**Work item:** If pictures are present, leave them out, and copy the data word for word.

**Provided data:**
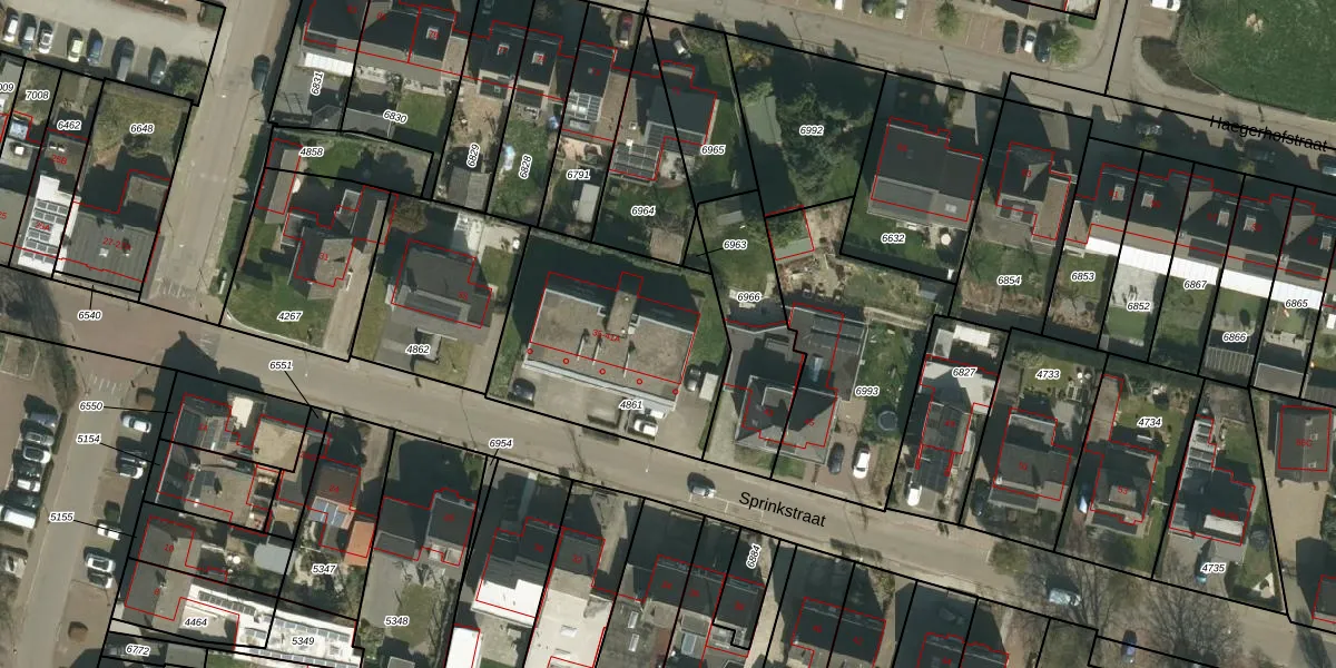 Het perceel waarop Sprinkstraat 35-A staat heeft een oppervlakte van 870 m². Dit is een groot perceel. De perceeloppervlakte wordt geregistreerd door het Kadaster. Gedetailleerde informatie over de maten van dit perceel kunt u vinden in het rapport Kadastrale kaart met maatvoering van Sprinkstraat 35-A.
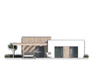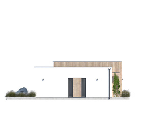 Niewielki, jednorodzinny dom parterowy odpowiadający potrzebom 3-osobowej rodziny. Optymalny układ pomieszczeń został podzielony na strefę dzienną oraz nocną. W strefie dziennej znajduje się przestronny salon z jadalnią, kuchnia ze spiżarnią oraz reprezentacyjny hol. W części nocnej znajdują się dwie sypialnie oraz łazienki.
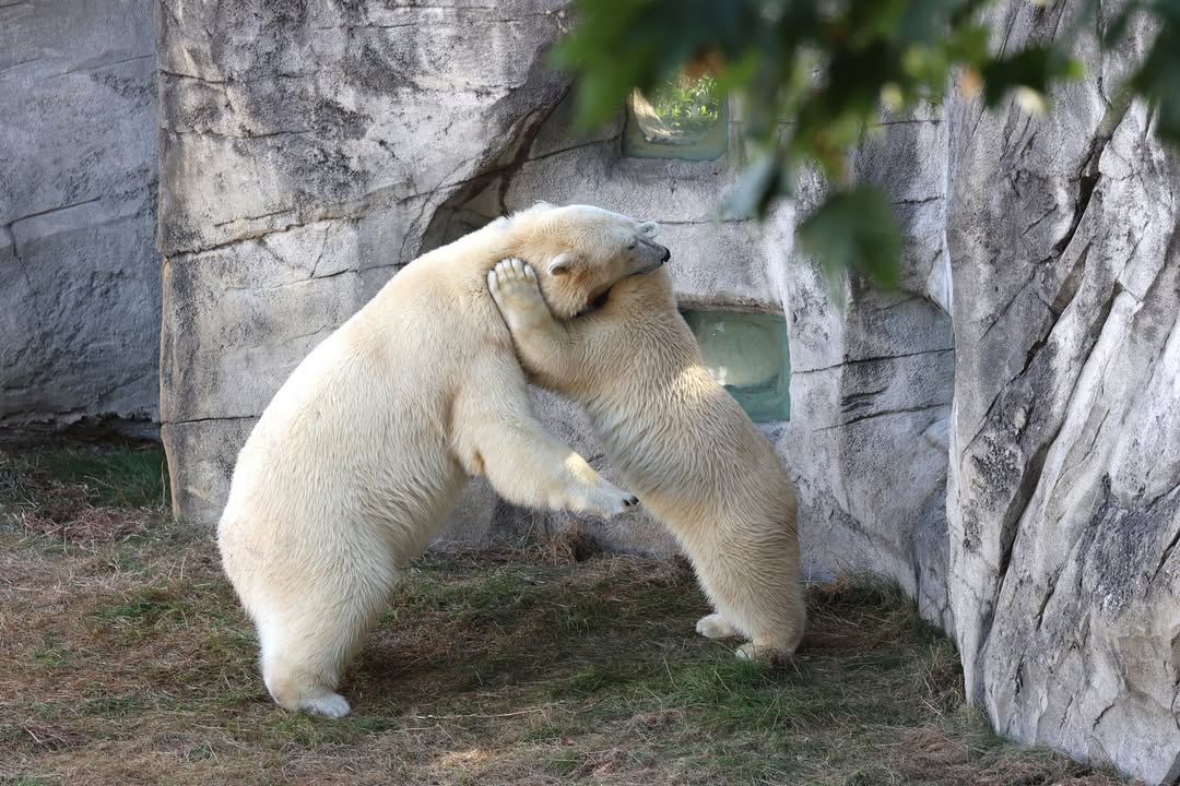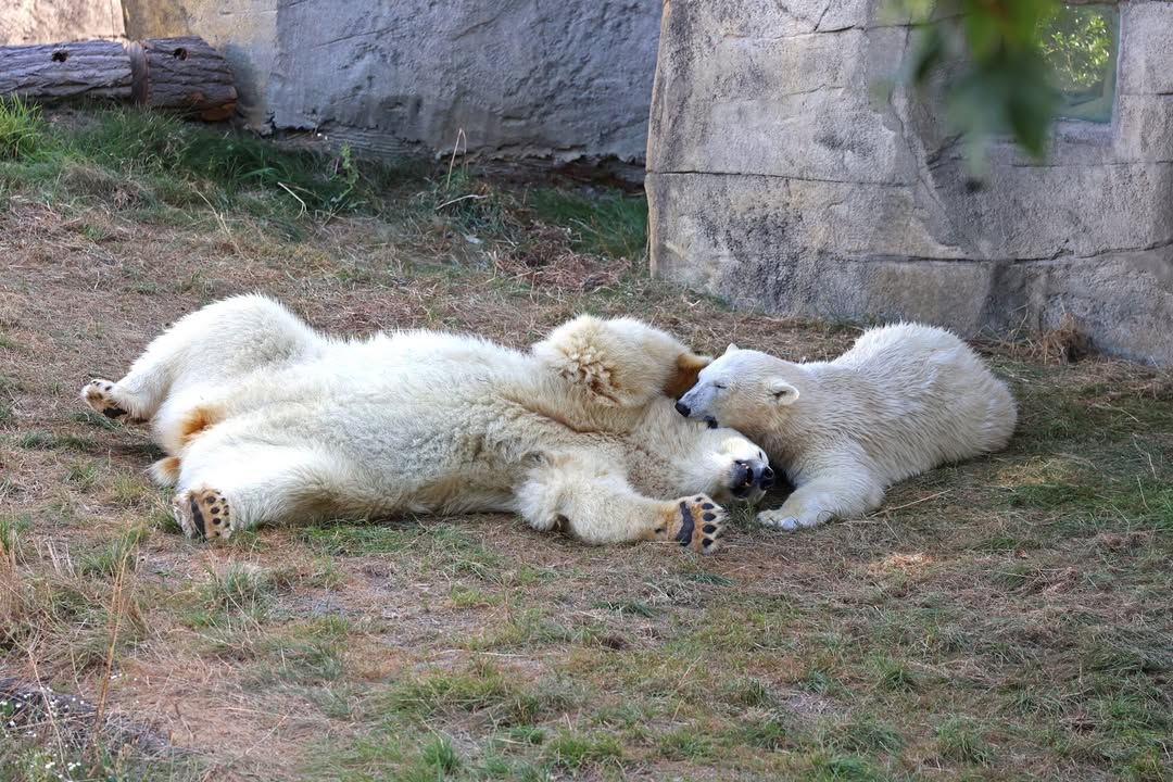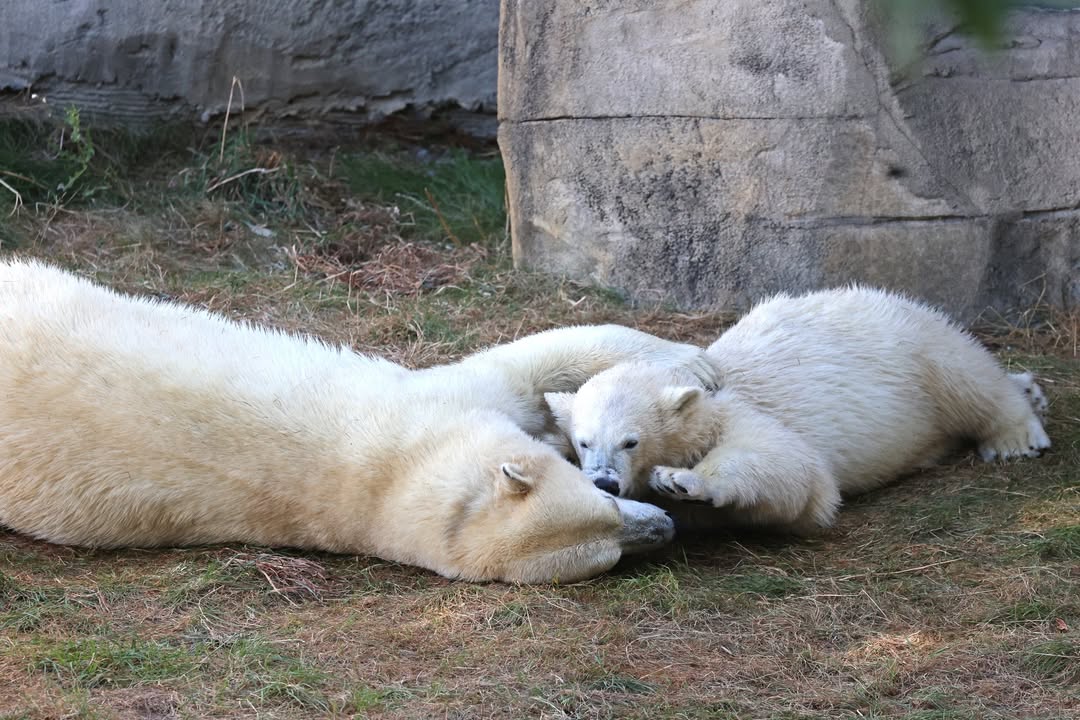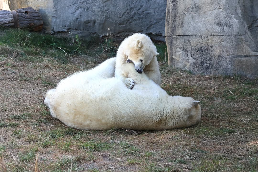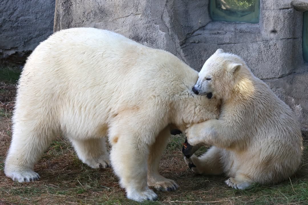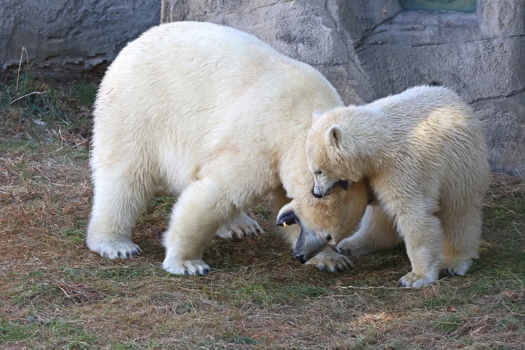 Kleine Bilderserie: Eisbärjungtier MiKa liebt es mit seiner Mutter Nuka zu raufen und so seine Kräfte spielerisch auszutesten.

**Problem solution:**
 Het perceel waarop Sprinkstraat 35-A staat heeft een oppervlakte van 870 m². Dit is een groot perceel. De perceeloppervlakte wordt geregistreerd door het Kadaster. Gedetailleerde informatie over de maten van dit perceel kunt u vinden in het rapport Kadastrale kaart met maatvoering van Sprinkstraat 35-A.
 Niewielki, jednorodzinny dom parterowy odpowiadający potrzebom 3-osobowej rodziny. Optymalny układ pomieszczeń został podzielony na strefę dzienną oraz nocną. W strefie dziennej znajduje się przestronny salon z jadalnią, kuchnia ze spiżarnią oraz reprezentacyjny hol. W części nocnej znajdują się dwie sypialnie oraz łazienki.
 Kleine Bilderserie: Eisbärjungtier MiKa liebt es mit seiner Mutter Nuka zu raufen und so seine Kräfte spielerisch auszutesten.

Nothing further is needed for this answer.